A GLASS AND A HALF OF REGRET

In the grand British tradition of lamenting lost glories—much like mourning the Empire while queuing for a lukewarm cup of something that passes for tea—one finds oneself contemplating the melancholy fate of Cadbury. Once a beacon of cocoa-scented benevolence, now reduced to a discounted 'celebration' egg (woe betide we use such a controversial word such as "Easter" of course) lingering on supermarket shelves like an unwanted relative at a wedding, its foil wrapper peeling back in silent accusation. The viral photographs of forlorn, half-price confections, stacked in mute reproach amid the fluorescent purgatory of Tesco, serves as our age’s perfect emblem: Britain, that once-proud workshop of the world, unable even to safeguard its own chocolate. It is not merely palm oil insinuating itself where cocoa butter once held court; it is a symptom of a deeper national malaise, wherein heritage is flogged off to the highest bidder, quality is quietly euthanised in the name of shareholder value, and the public is left muttering into its shrinking bar of Dairy Milk that, yes, things used to be better.

Let us begin, as all proper laments must, at the beginning—before the accountants arrived with their spreadsheets and their dreams of 'synergies. In 1824, a Quaker named John Cadbury opened a modest grocer’s shop in Birmingham’s Bull Street, peddling tea, coffee, and drinking chocolate ground by hand with a pestle and mortar. Quakers, those stern opponents of frivolity and fun, had a curious knack for confectionery; perhaps the absence of ale in their lives left an embarrassing vacuum that only sugar could fill. John’s sons, Richard and George, inherited a business teetering on bankruptcy in 1861. Far from despairing, they invested in a Dutch cocoa press and launched Cocoa Essence in 1866—advertised, with admirable Quaker bluntness, as “Absolutely Pure, Therefore Best.” No adulteration, no nonsense, no palm oil pretending to be anything but what it was: a cheap lubricant for the global supply chain. 

By 1879 they had decamped to Bournville, a purpose-built factory in green fields south of the city. Here was no smoky satanic mill but a model village: houses with gardens, recreational facilities, schools, cricket pitches and—most revolutionary of all—a conspicuous absence of public houses. The Cadburys, true to their faith, believed workers deserved fresh air, education, and moral upliftment alongside their wages. George donated land for the Bournville Village Trust, ensuring affordable homes for generations. By the early twentieth century the firm employed thousands, dispatched milk to the needy during wartime, and even repurposed its factories for Spitfire parts and gas masks when the nation called. This was philanthropy not as a tax-deductible Instagram filter but as lived conviction—a chocolate empire built on the quaint notion that commerce could ennoble rather than exploit. One pictures the scene with a certain dry fondness: rows of earnest employees cycling to work through Bournville’s leafy avenues, the air thick with the honest scent of real milk and cocoa, while George Cadbury himself pondered how best to improve the lot of the labouring classes without descending into anything so vulgar as socialism.

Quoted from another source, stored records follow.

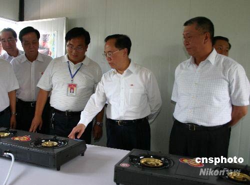 香港特首曾荫权、澳门特首何厚铧一行在四川省副省长魏宏陪同下,抵达地震重灾区彭州市小渔洞镇大楠社区安置点,慰问当地受灾群众,参观安置房、公共厨房和安置点内的娱乐设施,并体验了公共厕所。中新社发 霍潺 摄
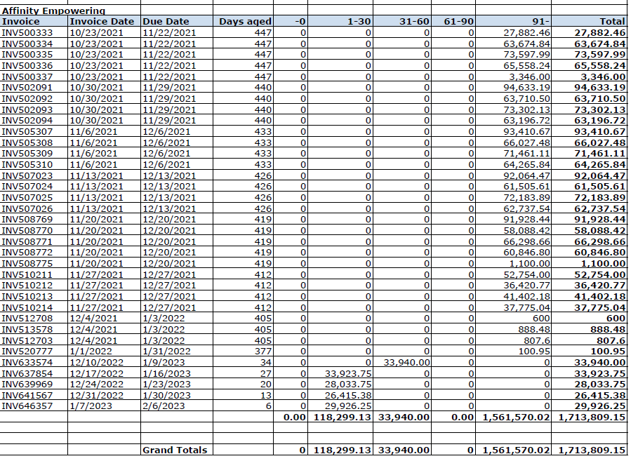 On January 18, 2023, Medix sued its client Affinity Empowering, Inc. for unpaid fees totaling $1,713,809. The work order attached to the Complaint indicates that the services supplied were "COVID testers," and there must have been a whole bunch of them. Here is the open account ledger attached to the Complaint:
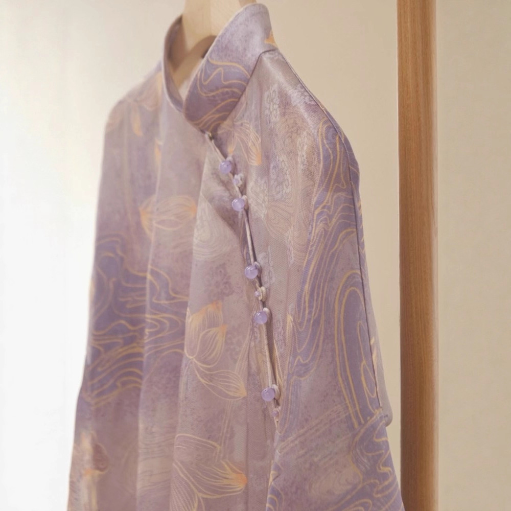 女性用ライトパープルメッシュボタン付きシャツトップ、ユニークなデザイン、ショートフロントとロングバック、レトロでエレガントな気質、新しい国民スタイル
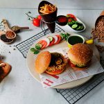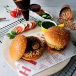 Top bun ki side per green chilli sauce dal ker pheela lein aur patty ka upper rakh ker burger bana lein.
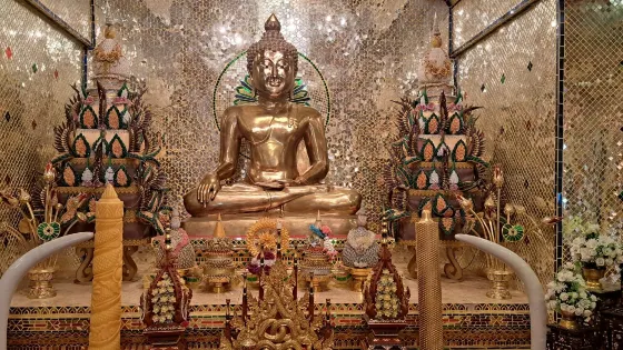 4.7 分1,086 則評價距離市中心1.2公里帕辛寺與雙龍寺、大佛塔寺並稱為“清邁三大寺廟”,位於清邁古城西端。這座寺廟是帕於王為紀念其父親而建於1345年,後多次擴建,因供奉著令人敬畏的帕辛佛像而出名。寺中裝飾金碧輝煌,有工藝精湛的木雕、關於佛教故事的壁畫,細膩精緻、栩栩如生,值得好好觀賞。帕辛寺內樹木蔥鬱,香火鼎旺,遊客眾多,如果早晚課時前往會看到僧人在佛堂吟誦經文,十分虔誠。
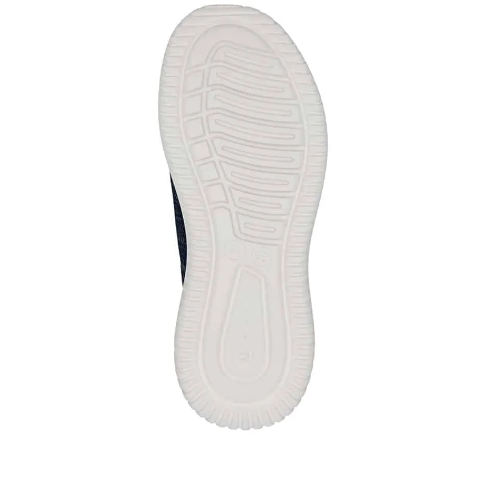 Rieker sneakers til herre i blå. Moderne sneakers til dig, der ikke vil gå på kompromis med hverken stil eller komfort. Modellen er udstyret med elastik foran, som giver en behagelig pasform og gør skoen nem i hverdagen. Indvendigt mødes foden af en blød sål samt ekstra bredde (G), der sikrer høj komfort og god rummelighed hele dagen. Ydersålen har et mønster, som giver øget stødabsorbering og skridsikkerhed ved hvert skridt.
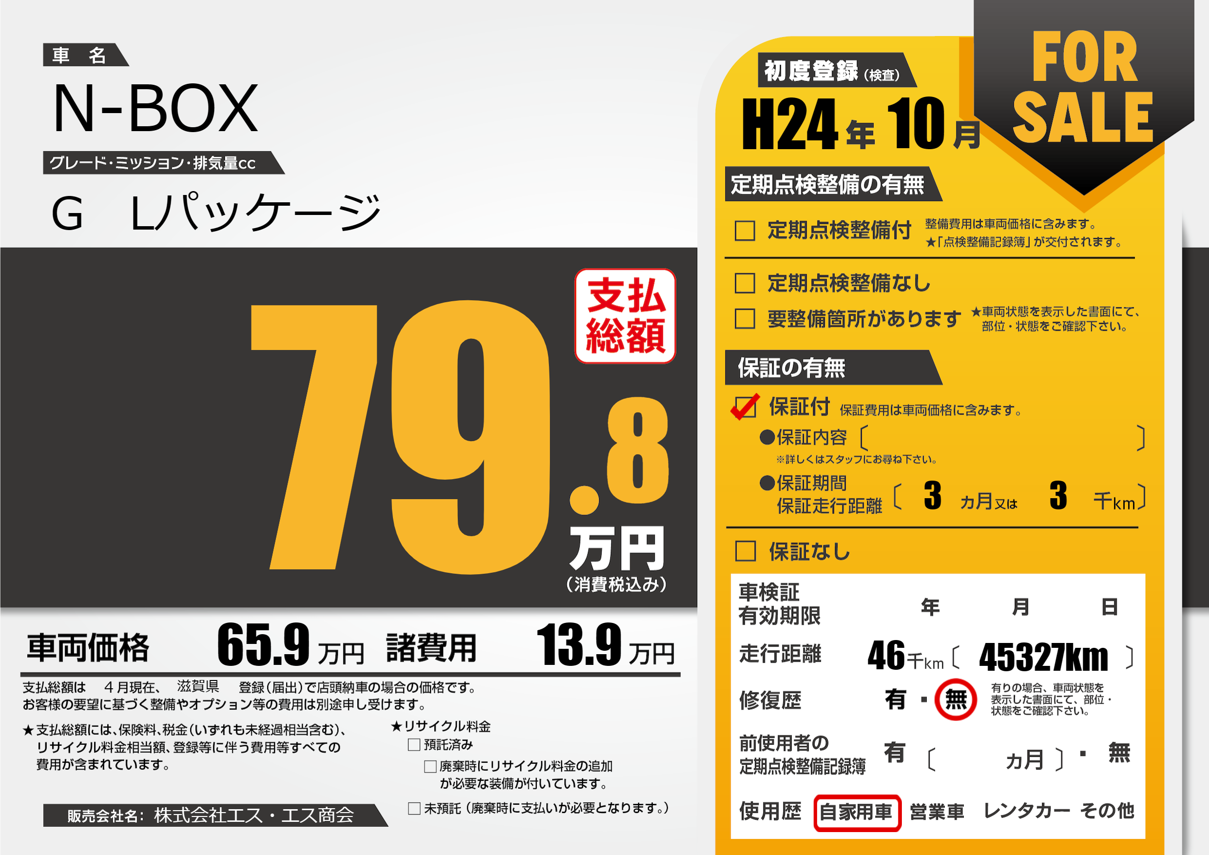 | 走行キロ | 4.6万km | 初年度登録 | H24年10月 |
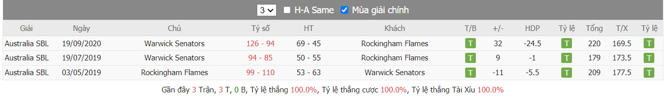 Thống kê về thành tích đối đầu của hai đội trong quá khứ, kết quả cho thấy không có được lợi thế sân bãi ở trận này Rockingham Flames vẫn được đánh giá cao hơn hẳn khi đã thắng tới 6 trên 9 lần chạm trán gần nhất của hai bên kể từ 12/2018 cho tới nay, trong đó còn có tới 5 trận cũng được diễn ra trên sân nhà của Rockingham Flames. Trong số đó ở lần chạm trán mới đây nhất hồi lượt trận mở màn trong mùa bóng mới, với lợi thế được ra sân ngay trên sân nhà Rockingham Flames đã giành được chiến thắng 113 – 107 khi tiếp đón chính Warwick Senators. Như vậy với lợi thế được ra sân ngay trên sân nhà, Rockingham Flames tiếp tục sẽ là sự lựa chọn sáng hơn hẳn khi mà đội chủ nhà đã mang đến niềm vui cho các nhà đầu tư trong 4 trận ra sân mới đây nhất.
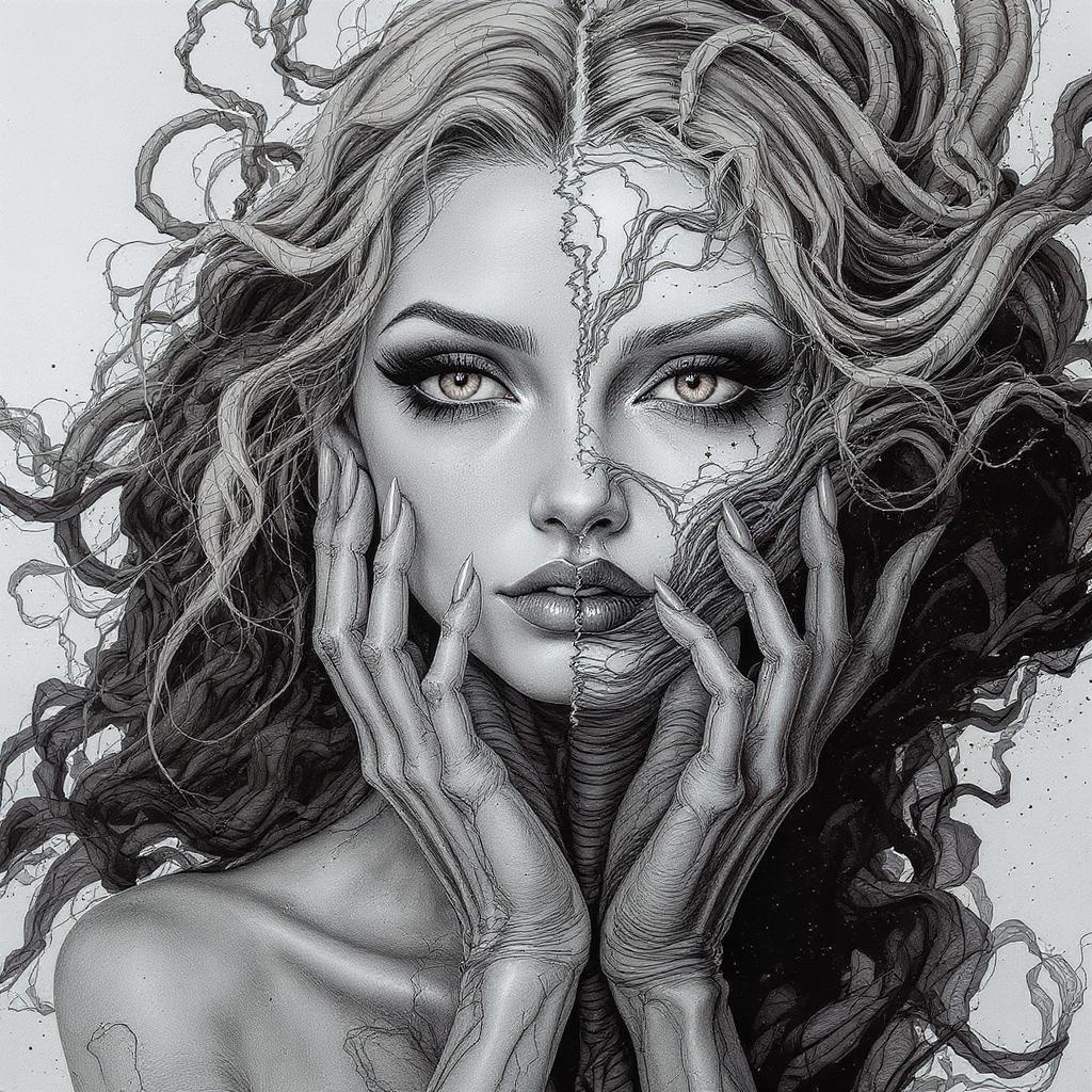 Beautiful woman, intricate black ink flow, 8k resolution, photorealistic masterpiece inspired by Aaron Horkey and Jeremy Mann, featuring the detailed fluidity of gouache painting reminiscent of Jean Baptiste. Captured with the essence of professional photography and natural, volumetric lighting. This maximalist concept art presents an elegant and fantastical vision, with expansive details that push the boundaries of traditional beauty. The composition plays with two faces, offering a duality of expression, while introducing subtle and intriguing mutations. Hands, while exquisitely detailed, carry an air of the surreal—suggestive of extra or fused fingers. There’s an intentional play on anatomy and proportions, creating a dreamlike, otherworldly aesthetic. Extra limbs and elongated necks enhance the fantastical aspect, pushing it beyond conventional beauty into a realm of wondrous imagination. Despite the intentional distortions, the piece remains a visually captivating and expansive artwork, inviting viewers to explore its complex layers and intricate details.

The company rolled out icons that became woven into the national fabric—Dairy Milk in 1905 with its famous 'glass and a half' of full-cream milk, Milk Tray, Flake, Crunchie, Curly-Wurly, Wispa, Crème Eggs. These were not mere sweets; they were rituals. Christmas without a Cadbury's selection box was like Christmas without a tree: conceivable, perhaps, but faintly un-British, the sort of lapse that marked you down as the kind of person who holidayed in Benidorm. The firm merged with Fry’s in 1919 and later Schweppes in 1969, yet somehow retained its soul. Even into the late twentieth century, Cadbury stood as proof that British industry could combine profit with principle, producing something genuinely superior while treating people decently. Even it's advertisements, notably it's 2007 effort starring a gorilla drumming along with gusto to Phil Collins's "In The Air Tonight", showed it could keep up with the times, whilst still being timeless. It was, in short, the sort of success story that made one almost proud to be from a nation that had once invented the Industrial Revolution and then, with characteristic modesty, civilised it with cocoa.

Then came 2010, and the great betrayal—delivered not with a bang but with the polite cough of a FTSE 100 board meeting. Kraft Foods, that sprawling American conglomerate with all the cultural sensitivity of a bulldozer in a rose garden, launched a hostile takeover. Cadbury, still a proud British stalwart, fought valiantly; the City’s short-termists, ever eager to demonstrate their sophisticated grasp of globalisation, promptly folded like a cheap deckchair. The deal was sealed for around £11.5 billion. Kraft’s executives issued soothing promises: jobs would be safe, the Somerdale factory near Bristol would remain open, British heritage would be cherished like a favourite aunt. A week after the acquisition they announced Somerdale’s closure anyway, shipping production to Poland and shedding hundreds of jobs with the breezy efficiency of men who had never tasted Dairy Milk in their lives. Parliament tut-tutted; a select committee later branded Kraft’s conduct “irresponsible.” One almost admires the cheek: it was less a takeover than a masterclass in how to promise the earth, deliver a parking fine, and still walk away with the family silver. Soon enough Kraft spun off its snacks business into Mondelez International—a name that sounds like a pharmaceutical side-effect—and Cadbury found itself another cog in a global machine optimised for efficiency over everything else, including taste, dignity, or the quaint British habit of not treating one’s cultural inheritance as a distressed asset.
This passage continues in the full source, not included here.